_Task description_. Word for word, retype the lines from the one containing "Размери: 195 х" to the one containing "- b(α, n,½)는" below, keeping both end lines and dropping the pictures.

_Exercise data_.
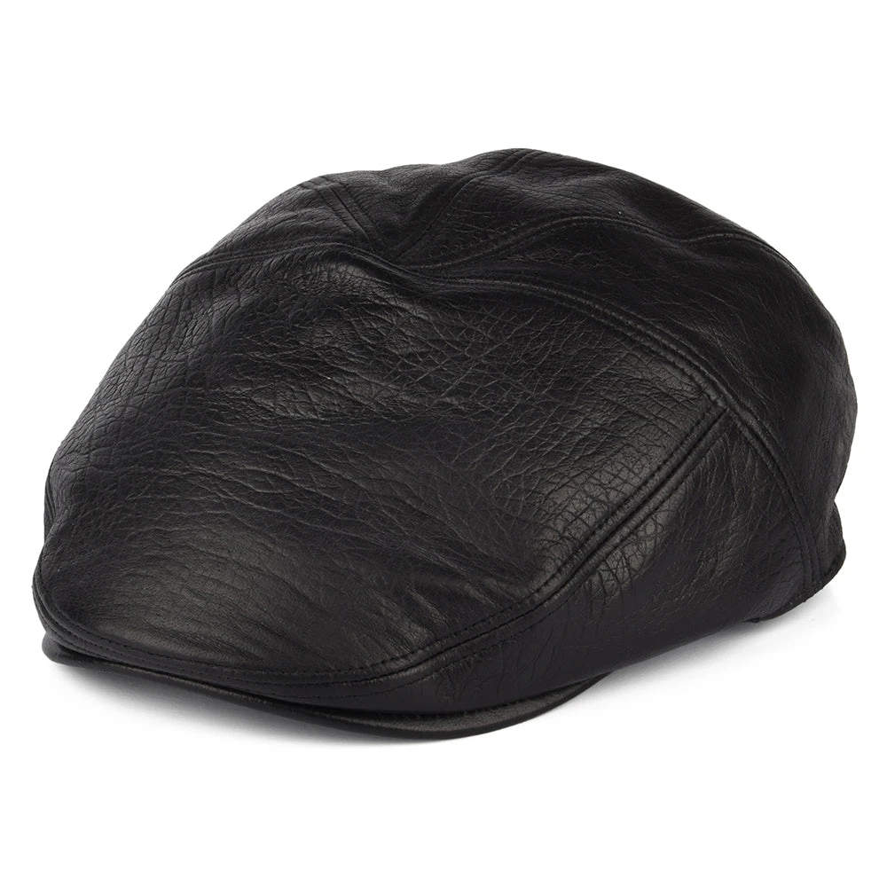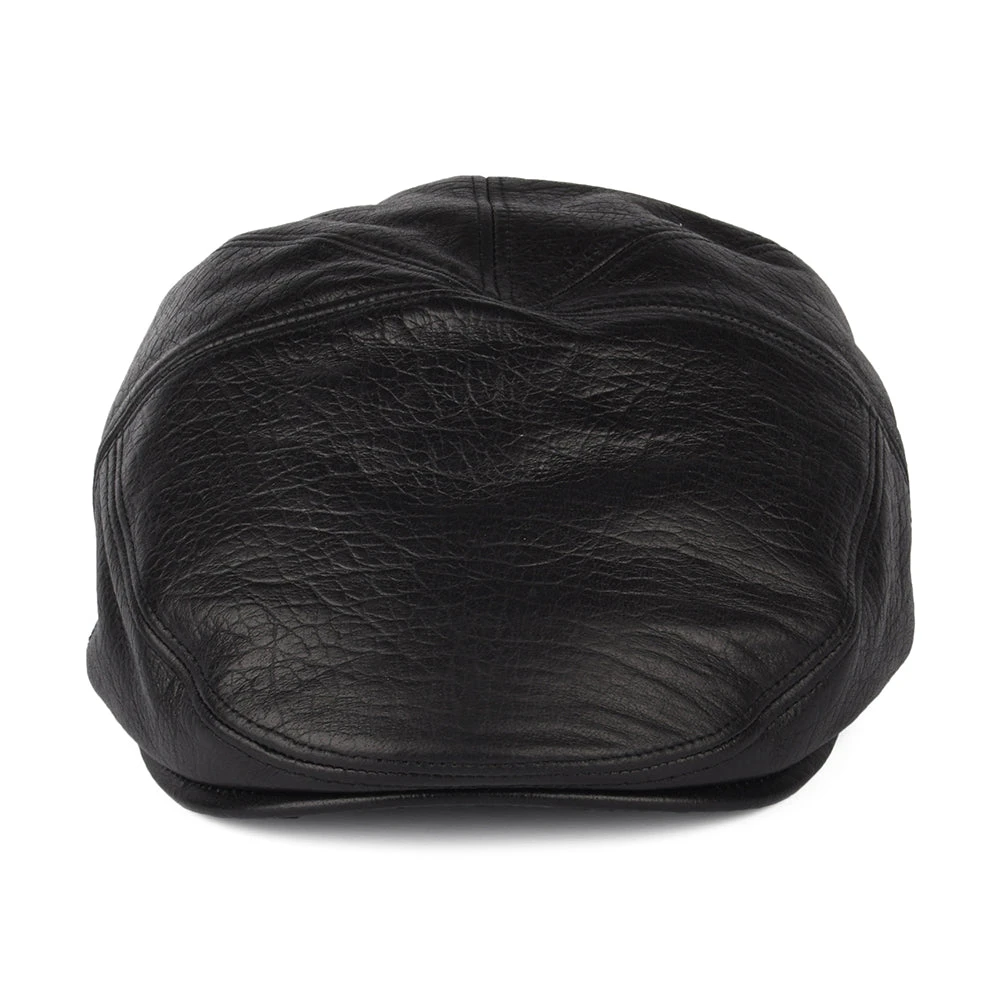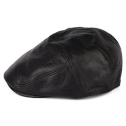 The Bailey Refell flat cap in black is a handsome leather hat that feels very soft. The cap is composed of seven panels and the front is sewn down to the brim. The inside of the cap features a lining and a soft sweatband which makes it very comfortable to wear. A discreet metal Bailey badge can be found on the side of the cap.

==

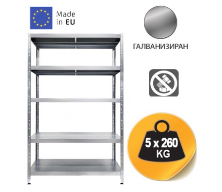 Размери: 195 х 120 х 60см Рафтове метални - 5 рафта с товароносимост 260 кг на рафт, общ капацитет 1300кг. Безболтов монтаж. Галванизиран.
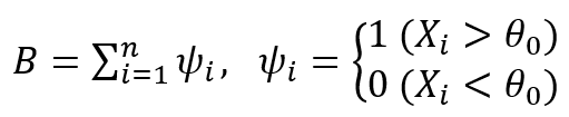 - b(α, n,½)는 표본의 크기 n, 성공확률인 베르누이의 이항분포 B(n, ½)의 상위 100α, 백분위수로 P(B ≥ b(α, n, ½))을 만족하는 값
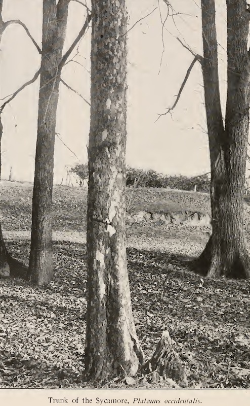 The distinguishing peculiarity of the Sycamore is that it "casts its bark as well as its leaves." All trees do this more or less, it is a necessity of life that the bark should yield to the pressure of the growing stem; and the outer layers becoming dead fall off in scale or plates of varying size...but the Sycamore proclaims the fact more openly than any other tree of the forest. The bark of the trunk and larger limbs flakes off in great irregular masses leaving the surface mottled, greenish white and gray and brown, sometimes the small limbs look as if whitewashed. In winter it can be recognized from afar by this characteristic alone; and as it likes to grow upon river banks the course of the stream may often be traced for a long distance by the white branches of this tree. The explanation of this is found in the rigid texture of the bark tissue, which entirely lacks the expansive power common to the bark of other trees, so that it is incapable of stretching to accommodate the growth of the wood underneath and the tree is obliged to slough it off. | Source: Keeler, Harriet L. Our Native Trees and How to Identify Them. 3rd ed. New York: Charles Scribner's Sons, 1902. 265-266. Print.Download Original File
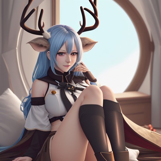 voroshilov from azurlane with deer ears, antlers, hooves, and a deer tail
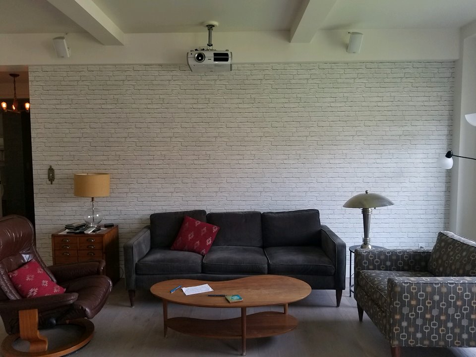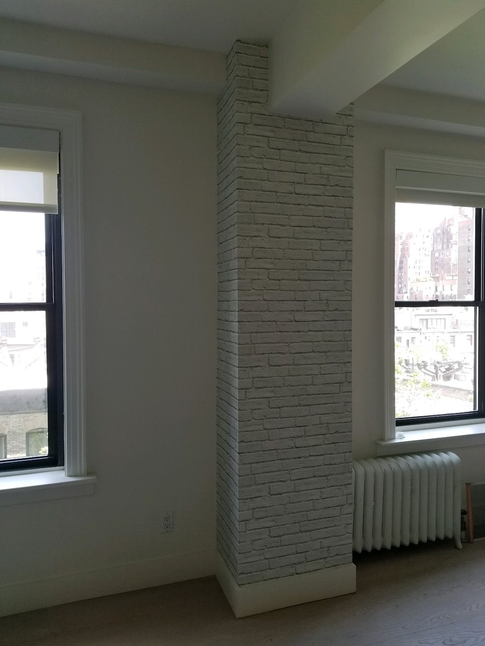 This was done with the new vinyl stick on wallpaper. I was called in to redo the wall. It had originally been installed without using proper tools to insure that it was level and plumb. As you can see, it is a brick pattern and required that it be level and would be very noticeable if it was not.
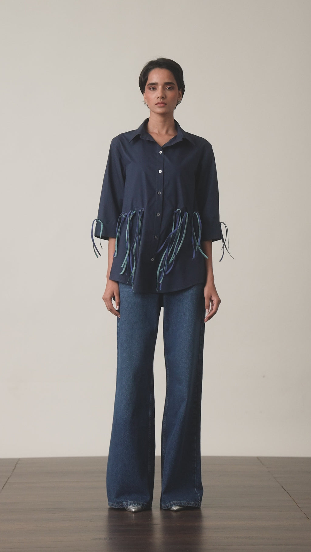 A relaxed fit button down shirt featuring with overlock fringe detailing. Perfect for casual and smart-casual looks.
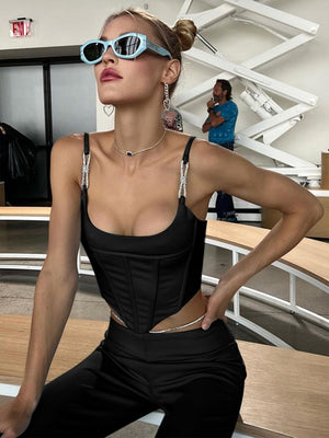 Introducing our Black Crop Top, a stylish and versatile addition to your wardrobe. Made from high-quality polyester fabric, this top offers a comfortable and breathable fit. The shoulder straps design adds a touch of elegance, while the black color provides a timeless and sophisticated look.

_Result below_.
 Размери: 195 х 120 х 60см Рафтове метални - 5 рафта с товароносимост 260 кг на рафт, общ капацитет 1300кг. Безболтов монтаж. Галванизиран.
 - b(α, n,½)는 표본의 크기 n, 성공확률인 베르누이의 이항분포 B(n, ½)의 상위 100α, 백분위수로 P(B ≥ b(α, n, ½))을 만족하는 값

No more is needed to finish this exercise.